GRPC KeepAlive 设置参数
Keepalive
使用gRPC的stream模式时,遇到网络波动,Recv阻塞没有接受到信息,在gRPC的默认设置下,是会长时间等待,造成假死的现象。
这种情况下,需要使用gRPC的Keepalive机制,无论客户端与服务端哪一方出现网络波动,在一定时间内Ping没有得到回应, 就需要断开连接,程序内部处理尝试重连。
Server
type ServerParameters struct {
// MaxConnectionIdle is a duration for the amount of time after which an
// idle connection would be closed by sending a GoAway. Idleness duration is
// defined since the most recent time the number of outstanding RPCs became
// zero or the connection establishment.
MaxConnectionIdle time.Duration // The current default value is infinity.
// MaxConnectionAge is a duration for the maximum amount of time a
// connection may exist before it will be closed by sending a GoAway. A
// random jitter of +/-10% will be added to MaxConnectionAge to spread out
// connection storms.
MaxConnectionAge time.Duration // The current default value is infinity.
// MaxConnectionAgeGrace is an additive period after MaxConnectionAge after
// which the connection will be forcibly closed.
MaxConnectionAgeGrace time.Duration // The current default value is infinity.
// After a duration of this time if the server doesn't see any activity it
// pings the client to see if the transport is still alive.
// If set below 1s, a minimum value of 1s will be used instead.
Time time.Duration // The current default value is 2 hours.
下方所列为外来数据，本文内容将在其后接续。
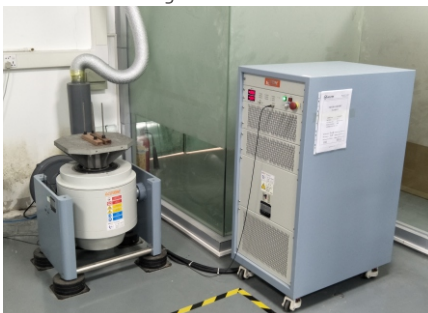
振动系统 正弦扫频、随机扫频 频率、加速度、位移可调 Eletromagnetic Vibration Tester Sine frequency sweep/ Random frequency sweep Frequency/Acceleration/ displacement adjustable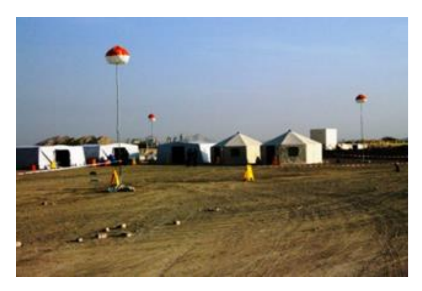
Figure 6: A Team's Base of Operations.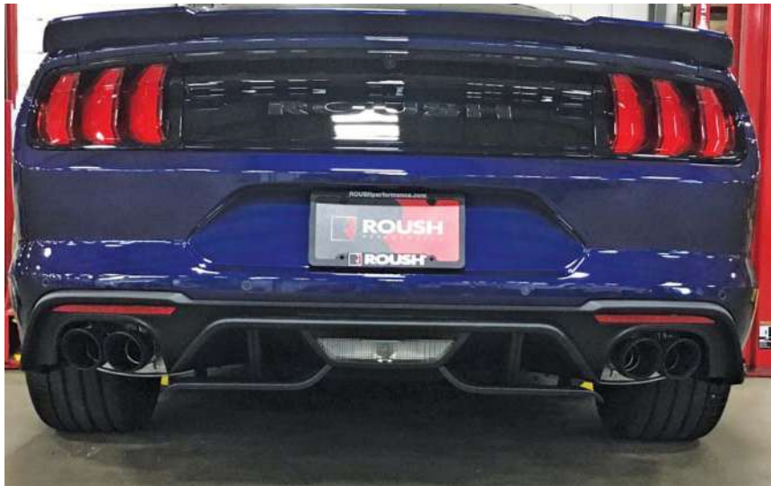
Plastic Rear Valance Diffuser

P/N: 422085 (1318-17F954), P/N: 422125 (R1318-CF17F954)

// After having pinged for keepalive check, the server waits for a duration
// of Timeout and if no activity is seen even after that the connection is
// closed.
Timeout time.Duration // The current default value is 20 seconds.
}
服务端的设置,主要看 Time 和 Timeout 参数
Time 指服务端在Time时间内未接收到来自客户端的活动, 比如在stream的过程中,没有接收到数据,就会发送Ping,检测连接是否还正常。默认为2小时, 最好定制该参数缩短时间,及时发现及时重试。我在公司的项目设置 2 * time.Minute
Timeout 指在发送上面的 Ping 后,如果在 Timeout 的时间内客户端没有响应,服务端会关闭此连接。
Client
type ClientParameters struct {
// After a duration of this time if the client doesn't see any activity it
// pings the server to see if the transport is still alive.
// If set below 10s, a minimum value of 10s will be used instead.
Time time.Duration // The current default value is infinity.
// After having pinged for keepalive check, the client waits for a duration
// of Timeout and if no activity is seen even after that the connection is
// closed.
Timeout time.Duration // The current default value is 20 seconds.
// If true, client sends keepalive pings even with no active RPCs. If false,
// when there are no active RPCs, Time and Timeout will be ignored and no
// keepalive pings will be sent.
PermitWithoutStream bool // false by default.
}
同样地,客户端也需要设置 Time 和 Timeout,保证连接能够及时重试。
客户端的默认 Time为 +inf, 这样的话客户端不会进行Ping的发送。我在项目中改为了 2 * time.Minute。这样两端都有基本的重试机制的保证。
简单实验
在服务端和客户端各自设置好 Keepalive 时间后,本地开启并互相连接上,然后尝试断网。在一段时间后,日志会输出以下错误:
code = Unavailable desc = transport is closing
说明 Keepalive 生效,并且因未接收到连接关闭了 gRPC 连接。